:: Task data
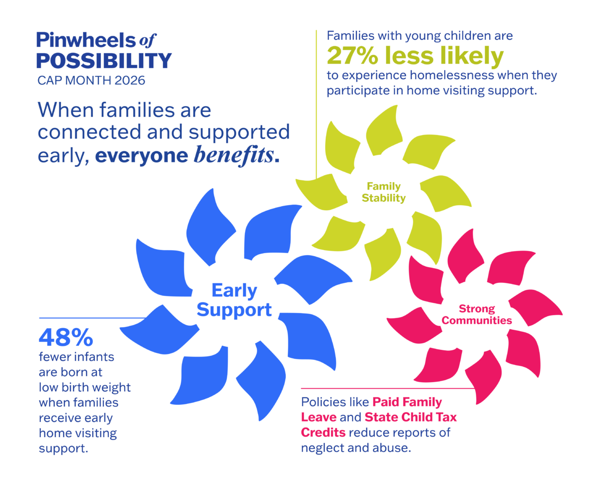 “During the month of April, we recognize National Child Abuse Prevention Month (NCAPM) and the importance of communities working together to help families thrive and prevent child maltreatment. Throughout the year, communities are encouraged to increase awareness about child and family well-being and work together to implement effective strategies that support families and prevent child abuse and neglect.”
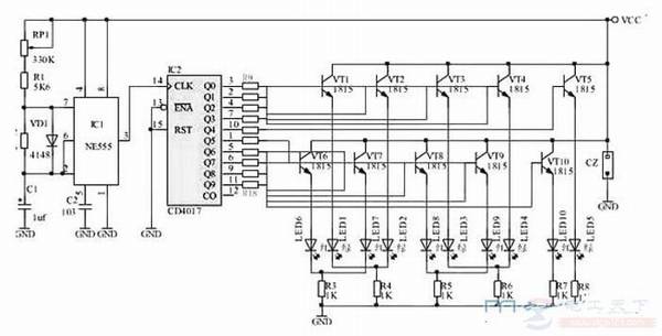 由NE555时钟脉冲发生电路、CD4017十进制计数器/分配器电路、三极管驱动电路以及双色发光二极管组成。
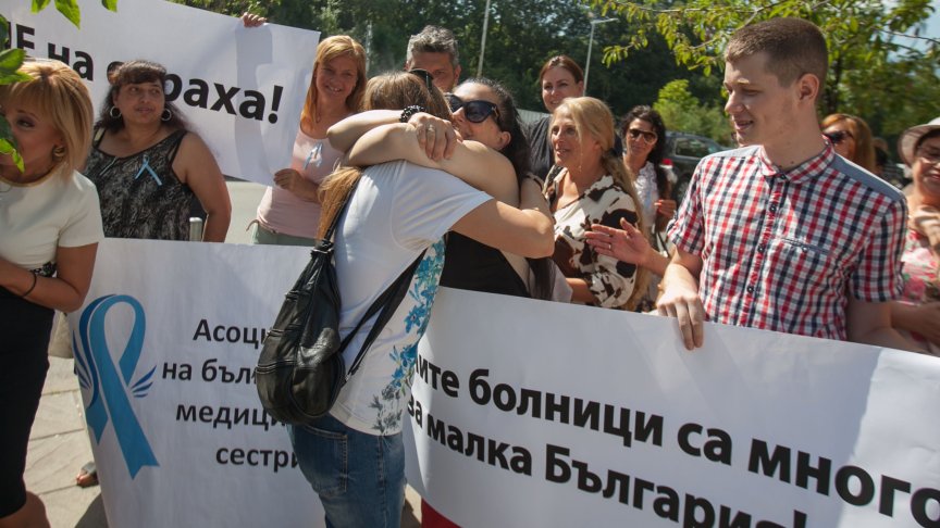 Протест в подкрепа на медицинската сестра Мая Илиева се проведе днес пред столичната болница "Токуда". Протестиращите се обявиха и срещу синдикатите.
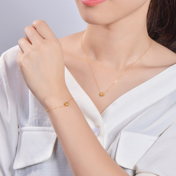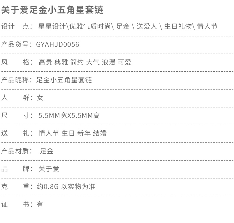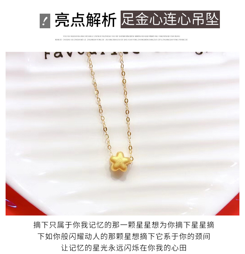 黄金项链女999足金吊坠3D硬金小五角星套链锁骨链正品首饰新款
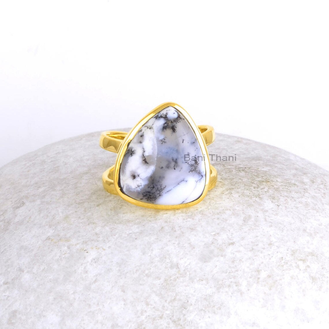 Dendritic Agate Gemstone Ring - Solid 925 Sterling Silver Ring - Gold Plated Ring - Daily Use Boho Ring - Authentic Gift Ring - Gift for Her
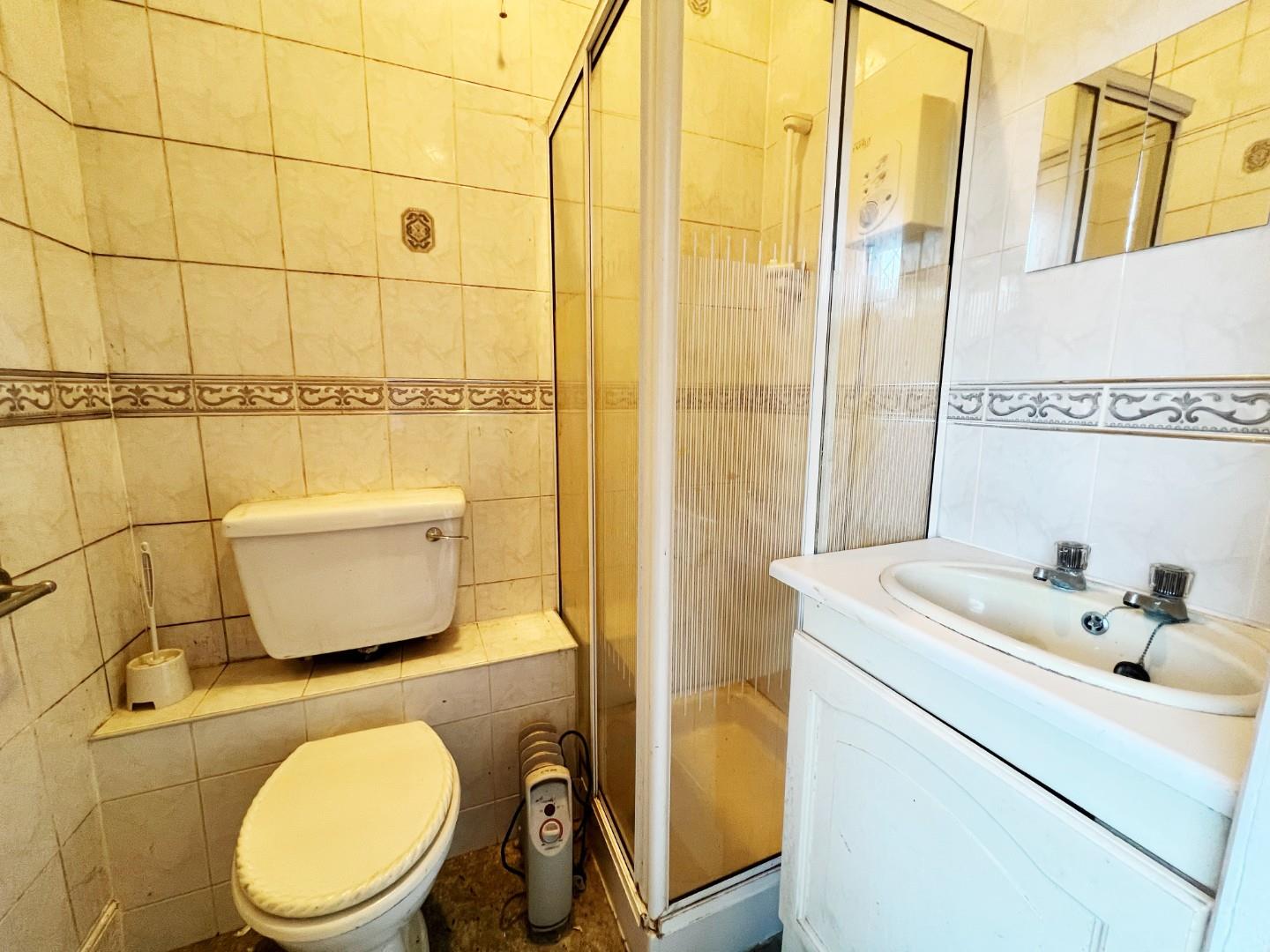 Shower cubicle, wash hand basin, W/C, tiled splashbacks.
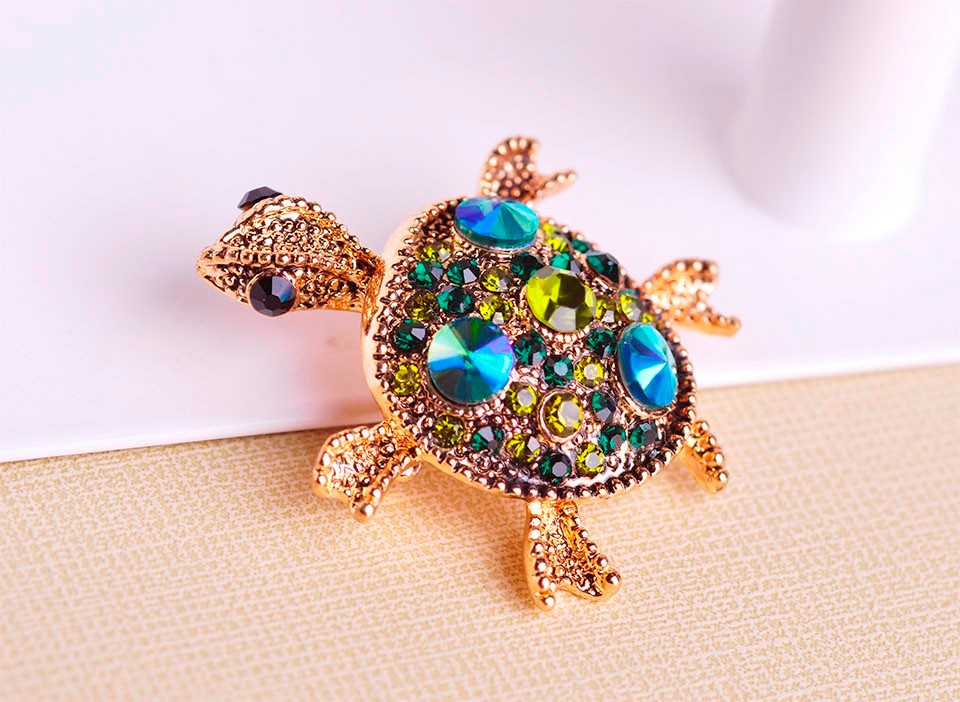 Ни один стиляга не будет выглядеть современно без искусно подобранной бижутерии, которая гармонично завершит его образ! Бижутерия – это современная недорогая альтернатива украшениям из золота и прочих драгоценных металлов. Брошь "Черепашка" - это то, что добавляет шарма в стиль!
::::
What this task involves:
Starting at the top of the listing above, please restate word for word each line up to and including the one that holds "Shower cubicle, wash", omitting every image.

Problem solution:
 “During the month of April, we recognize National Child Abuse Prevention Month (NCAPM) and the importance of communities working together to help families thrive and prevent child maltreatment. Throughout the year, communities are encouraged to increase awareness about child and family well-being and work together to implement effective strategies that support families and prevent child abuse and neglect.”
 由NE555时钟脉冲发生电路、CD4017十进制计数器/分配器电路、三极管驱动电路以及双色发光二极管组成。
 Протест в подкрепа на медицинската сестра Мая Илиева се проведе днес пред столичната болница "Токуда". Протестиращите се обявиха и срещу синдикатите.
 黄金项链女999足金吊坠3D硬金小五角星套链锁骨链正品首饰新款
 Dendritic Agate Gemstone Ring - Solid 925 Sterling Silver Ring - Gold Plated Ring - Daily Use Boho Ring - Authentic Gift Ring - Gift for Her
 Shower cubicle, wash hand basin, W/C, tiled splashbacks.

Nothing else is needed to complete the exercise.